Using c and bit shifting to solve a specific requirement

Question

I have a 16 letter alphabet. Given a sentence, I would like to count the frequency of each letter, and then encapsulate all frequencies in one number using clever bit shifting. Lets assume those sentences are always 100 letter each, and assuming no letter occurs more than 31 times, I would like something like this:

A: occurs 2 times -> 0010
B: occurs 10 times -> 1010
C: occurs 7 times -> 0111

Etc.

Now, I would like to concatenation those like this: 001010100111...

I just concentrated the frequencies above. To store the number easily, I wanted to convert the binary above to a 64 bit unsigned int.

My other requirement is to have that long and re extract the frequencies back per letter. So, I will need to be able to generate the decimal then parse it into the individual frequency bits.

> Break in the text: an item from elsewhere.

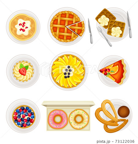 Sugary Desserts with Fruit Pie and Tart Served on Plate Vector Set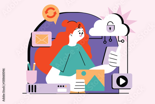Женщина положила старое платье в корзину для переработки. Модные тенденции и покупки в Интернете. Иллюстрация концепции моды. Векторный шаблон дизайна веб-сайта. Иллюстрация сайта целевой страницы.

How would I do that in c? I can do bit shifting and additions of those frequencies but that means I'm overlapping frequencies. The other issue is when extracting frequencies, how do I know how many bits to shift since trailing 0s are insignificant and not saved in the decimal but they are really important in my algorithm.

Any clever ideas? Thank you.

Answer 1

Existing answers are good; maybe the following is better though.

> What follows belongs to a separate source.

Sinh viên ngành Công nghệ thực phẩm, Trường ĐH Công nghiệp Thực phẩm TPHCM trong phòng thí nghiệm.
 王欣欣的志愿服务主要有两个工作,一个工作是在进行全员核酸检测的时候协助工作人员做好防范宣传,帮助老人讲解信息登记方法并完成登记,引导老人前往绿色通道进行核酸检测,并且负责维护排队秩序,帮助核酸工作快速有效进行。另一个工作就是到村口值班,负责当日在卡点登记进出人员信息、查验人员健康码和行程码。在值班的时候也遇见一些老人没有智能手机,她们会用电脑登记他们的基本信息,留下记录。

It is easy to use just one 64-bit number, and increment individual 4-bit parts in it.

For example, the following increases the counter for the 3rd, 5th and 13th letter (counting from 0):

uint64_t my_counters = 0;
my_counters += (uint64_t)1 << (4 * 3);
my_counters += (uint64_t)1 << (4 * 5);
my_counters += (uint64_t)1 << (4 * 13);

If your letters are consecutive in the ASCII table (for example, [a-p]), it is easy to calculate the index of the letter from its numerical value:

uint64_t my_counters = 0;
size_t i;
for (i = 0; str[i] != '\0'; ++i)
{
    int index = str[i] - 'a';
    my_counters += (uint64_t)1 << (4 * index);
}

To print:

char c;
for (c = 'a'; c <= 'p'; ++c)
{
    int index = c - 'a';
    int counter = (int)((my_counters >> (4 * index)) & 0xf);
    printf("Letter %c, count %d\n", c, counter);
}

Note: my code concatenates the bits in the opposite order comparing to what you want; it seems that this way makes it more clear. You can reverse the order if you replace 4 * index by 60 - 4 * index.

Answer 2

Try this, the advantage is that there will be no need of intermediate array to count your letters:

int ch_to_index(char ch) { return ch-'A'; }

unsigned long long get_freq(unsigned long long freq, int index)
{
    return (freq>>(4*index))&0x0f;
}


unsigned long long set_freq(unsigned long long freq, int index, unsigned long val)
{
    return (  ((val&0x0fULL)<<(4*index)) | (freq & (0xffffffffffffffffULL ^ (0xfULL<<(4*index)))) );
}

unsigned long long inc_freq(unsigned long long freq, int index)
{
    return set_freq(freq, index, get_freq(freq, index) +1) ;
}

int main()
{
    int i;
    unsigned long long freq=0;
    freq = inc_freq(freq, ch_to_index('A'));
    freq = inc_freq(freq, ch_to_index('A'));
    freq = inc_freq(freq, ch_to_index('B'));

    for(i=0;i<16;i++)
    {
        printf("%i = %i\n", i, (int)get_freq(freq, i));
    }
}

Answer 3

You have two problems: a mathematical problem and a coding problem.

Let's ignore the math problem for the moment. You can build an array with 16 integers and count the occurrences of each letter when you scan the text. If you assume that no letter occurs more than 15 times, then you don't have to worry about overflow and you can put the counts into your 64-bit integer easily enough. You'd write:

int counts[16];  // has the counts
unsigned long long freqs;  // this holds the encoded value

// after you compute the counts
freqs = 0;
for (int i = 0; i < 16; ++i)
{
    freqs <<= 4;
    freqs |= (counts[i] & 0xF);
}

At that point, the count for the first letter is in the top 4 bits of freqs, and the count for the last letter is is the bottom four bits. All the other counts are in between. Each one occupies exactly 4 bits of that 64-bit number.

Now, if you want the ability to do this with much larger text, or a letter can occur more often than 15 times, you have to scale your numbers after counting so that the maximum is no larger than 15. That's the math problem I alluded to. I think you can probably figure out how to handle that one. You just have to scale the numbers.

Answer 4

Something like this should suffice:

#include <stdio.h>
#include <stdint.h>
#include <stdlib.h>

const static int  SIZE       = 16;
const static char ALPHABET[] = "0123456789ABCDEF";

char* getFrequency(char* str);
uint64_t getFrequencyNumber(char* freq);

int main() {
  char*    str     = "1337CODE";
  uint64_t freqNum = getFrequencyNumber(getFrequency(str));
  printf("%llu\n",freqNum);
  return 0;
}

char* getFrequency(char* str) {
  int i,j;
  char* freq = (char*) calloc(SIZE, sizeof(char));
  for(i=0; str[i]; ++i)
    for(j=0; j<SIZE; ++j)
      if(str[i] == ALPHABET[j])
        if(freq[i] < 15) //ignore overflow
          (freq[j])++;
  return freq;
}

uint64_t getFrequencyNumber(char* freq) {
  uint64_t i,num;
  for(i=num=0; i<SIZE; ++i)
    num |= freq[i] << (4*i); //use bit shifting to concatenate 4 bit values
  return num;
}